* Data provided
======

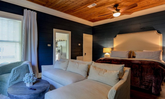This unit is part of a lovely older home with a private porch entry and ample space for a studio. It includes a king bed with sectional sofa in the sitting area, a full kitchen, bath with double vanity, and washing / dryer. The space can accommodate up to 3 guests utilizing the couch for additional sleeping space. It also has beautiful classic interior design touches with an original mantle, wooden ceiling, sultry navy ship lap siding and stainless steel appliances.
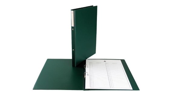 Teczka wykonana z wytrzymałej folii PVC, wewnątrz usztywniona tekturą. Wewnątrz zamontowano mechanizm na 2 ringi umożliwiający wpięcie dokumentów. Wyposażona w uniwersalne, papierowe przekładki A, B, C, D, E bez opisu kategorii. Szerokość grzbietu: 3 cm. Na grzbiecie kieszeń z etykietą do opisu zawartości.
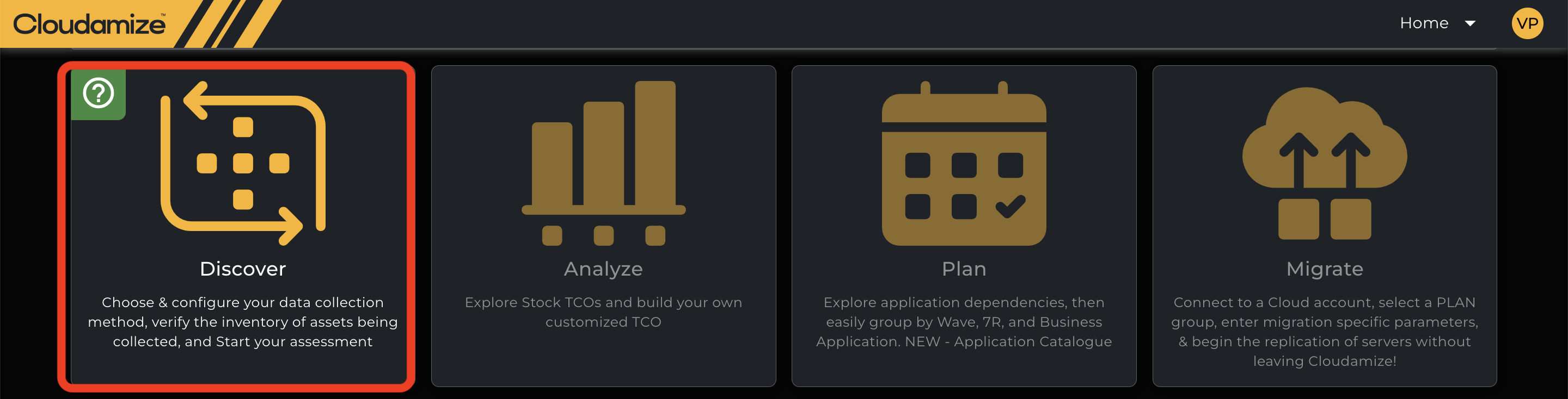 As soon as the user is logged into the console, it lands with the below page and click on the discover Icon as shown in the screenshot below and then → Setup → VMware Setup
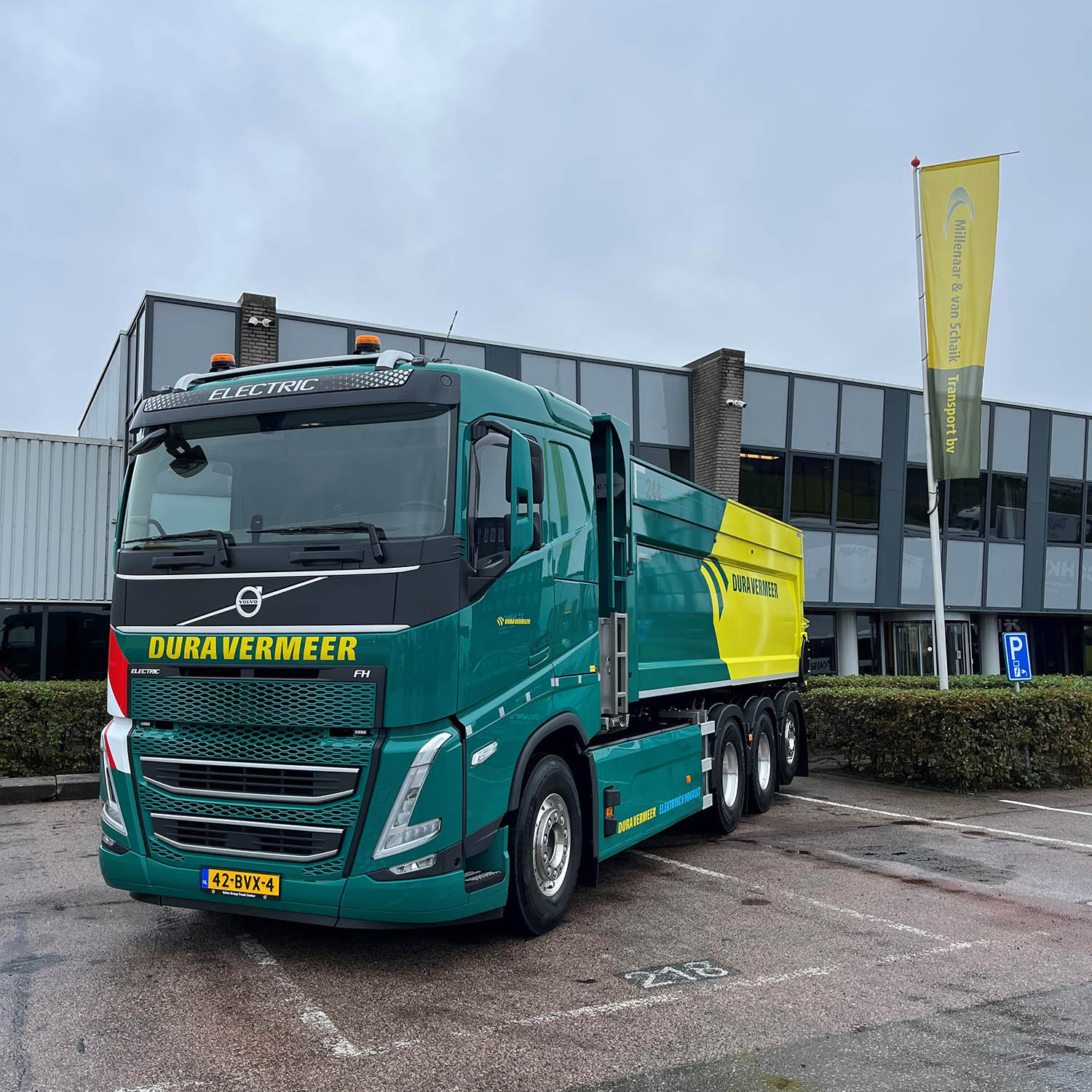 Na de eerdere investering in tien elektrische FH-trekkers voor een project langs de A1, heeft Millenaar & van Schaik nu ook acht FH Electric 8×4 tridem-bakwagens op de weg gezet. “We zochten een 8×4 chassisconfiguratie en hebben gekozen voor Volvo Trucks, omdat zij op dit moment de enige partij zijn die dit af-fabriek kan leveren. Volvo loopt voorop met zero-emissie, ook in de zware sector en blinkt uit in goede service”, zegt Dick Millenaar, Technisch Directeur bij Millenaar & Van Schaik Transport BV.

======

* What to produce
Could all the data above be given again exactly, leaving out its images?

* Solution to this problem
This unit is part of a lovely older home with a private porch entry and ample space for a studio. It includes a king bed with sectional sofa in the sitting area, a full kitchen, bath with double vanity, and washing / dryer. The space can accommodate up to 3 guests utilizing the couch for additional sleeping space. It also has beautiful classic interior design touches with an original mantle, wooden ceiling, sultry navy ship lap siding and stainless steel appliances.
 Teczka wykonana z wytrzymałej folii PVC, wewnątrz usztywniona tekturą. Wewnątrz zamontowano mechanizm na 2 ringi umożliwiający wpięcie dokumentów. Wyposażona w uniwersalne, papierowe przekładki A, B, C, D, E bez opisu kategorii. Szerokość grzbietu: 3 cm. Na grzbiecie kieszeń z etykietą do opisu zawartości.
 As soon as the user is logged into the console, it lands with the below page and click on the discover Icon as shown in the screenshot below and then → Setup → VMware Setup
 Na de eerdere investering in tien elektrische FH-trekkers voor een project langs de A1, heeft Millenaar & van Schaik nu ook acht FH Electric 8×4 tridem-bakwagens op de weg gezet. “We zochten een 8×4 chassisconfiguratie en hebben gekozen voor Volvo Trucks, omdat zij op dit moment de enige partij zijn die dit af-fabriek kan leveren. Volvo loopt voorop met zero-emissie, ook in de zware sector en blinkt uit in goede service”, zegt Dick Millenaar, Technisch Directeur bij Millenaar & Van Schaik Transport BV.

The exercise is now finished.